A unit vector perpendicular to `3i+4j" and "i-j+k` is

To find a unit vector that is perpendicular to the vectors \( \mathbf{A} = 3\mathbf{i} + 4\mathbf{j} \) and \( \mathbf{B} = \mathbf{i} - \mathbf{j} + \mathbf{k} \), we can follow these steps: ### Step 1: Find the Cross Product of the Two Vectors The cross product \( \mathbf{A} \times \mathbf{B} \) will give us a vector that is perpendicular to both \( \mathbf{A} \) and \( \mathbf{B} \).
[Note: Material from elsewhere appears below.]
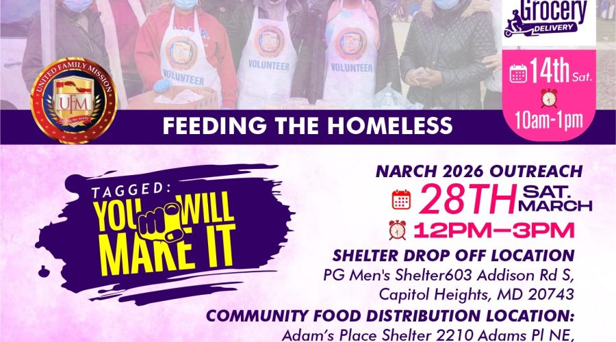 FEEDING THE HOMELESS Saturday, March 28th at 12 P.M. – 3 P.M. Tagged “You Will Make It” SHELTER DROP OFF LOCATION PG Men’s Shelter 603 Addison Rd S Capitol Heights, MD 20743 COMMUNITY FOOD DISTRIBUTION LOCATION Adam’s Place Shelter 2210 Adams PL NE Washington DC...

Given: \[ \mathbf{A} = 3\mathbf{i} + 4\mathbf{j} + 0\mathbf{k} \] \[ \mathbf{B} = 1\mathbf{i} - 1\mathbf{j} + 1\mathbf{k} \] We can set up the determinant to find the cross product: \[ \mathbf{A} \times \mathbf{B} = \begin{vmatrix} \mathbf{i} & \mathbf{j} & \mathbf{k} \\ 3 & 4 & 0 \\ 1 & -1 & 1 \end{vmatrix} \] ### Step 2: Calculate the Determinant Calculating the determinant, we have: \[ \mathbf{A} \times \mathbf{B} = \mathbf{i} \begin{vmatrix} 4 & 0 \\ -1 & 1 \end{vmatrix} - \mathbf{j} \begin{vmatrix} 3 & 0 \\ 1 & 1 \end{vmatrix} + \mathbf{k} \begin{vmatrix} 3 & 4 \\ 1 & -1 \end{vmatrix} \] Calculating each of these 2x2 determinants: 1. \( \begin{vmatrix} 4 & 0 \\ -1 & 1 \end{vmatrix} = (4)(1) - (0)(-1) = 4 \) 2. \( \begin{vmatrix} 3 & 0 \\ 1 & 1 \end{vmatrix} = (3)(1) - (0)(1) = 3 \) 3. \( \begin{vmatrix} 3 & 4 \\ 1 & -1 \end{vmatrix} = (3)(-1) - (4)(1) = -3 - 4 = -7 \) Putting it all together: \[ \mathbf{A} \times \mathbf{B} = 4\mathbf{i} - 3\mathbf{j} - 7\mathbf{k} \] ### Step 3: Find the Magnitude of the Cross Product Next, we find the magnitude of the vector \( \mathbf{P} = 4\mathbf{i} - 3\mathbf{j} - 7\mathbf{k} \): \[ |\mathbf{P}| = \sqrt{(4)^2 + (-3)^2 + (-7)^2} = \sqrt{16 + 9 + 49} = \sqrt{74} \] ### Step 4: Find the Unit Vector To find the unit vector \( \mathbf{p} \) in the direction of \( \mathbf{P} \), we divide \( \mathbf{P} \) by its magnitude: \[ \mathbf{p} = \frac{\mathbf{P}}{|\mathbf{P}|} = \frac{4\mathbf{i} - 3\mathbf{j} - 7\mathbf{k}}{\sqrt{74}} \] ### Final Answer Thus, the unit vector perpendicular to \( 3\mathbf{i} + 4\mathbf{j} \) and \( \mathbf{i} - \mathbf{j} + \mathbf{k} \) is: \[ \mathbf{p} = \frac{4}{\sqrt{74}}\mathbf{i} - \frac{3}{\sqrt{74}}\mathbf{j} - \frac{7}{\sqrt{74}}\mathbf{k} \] ---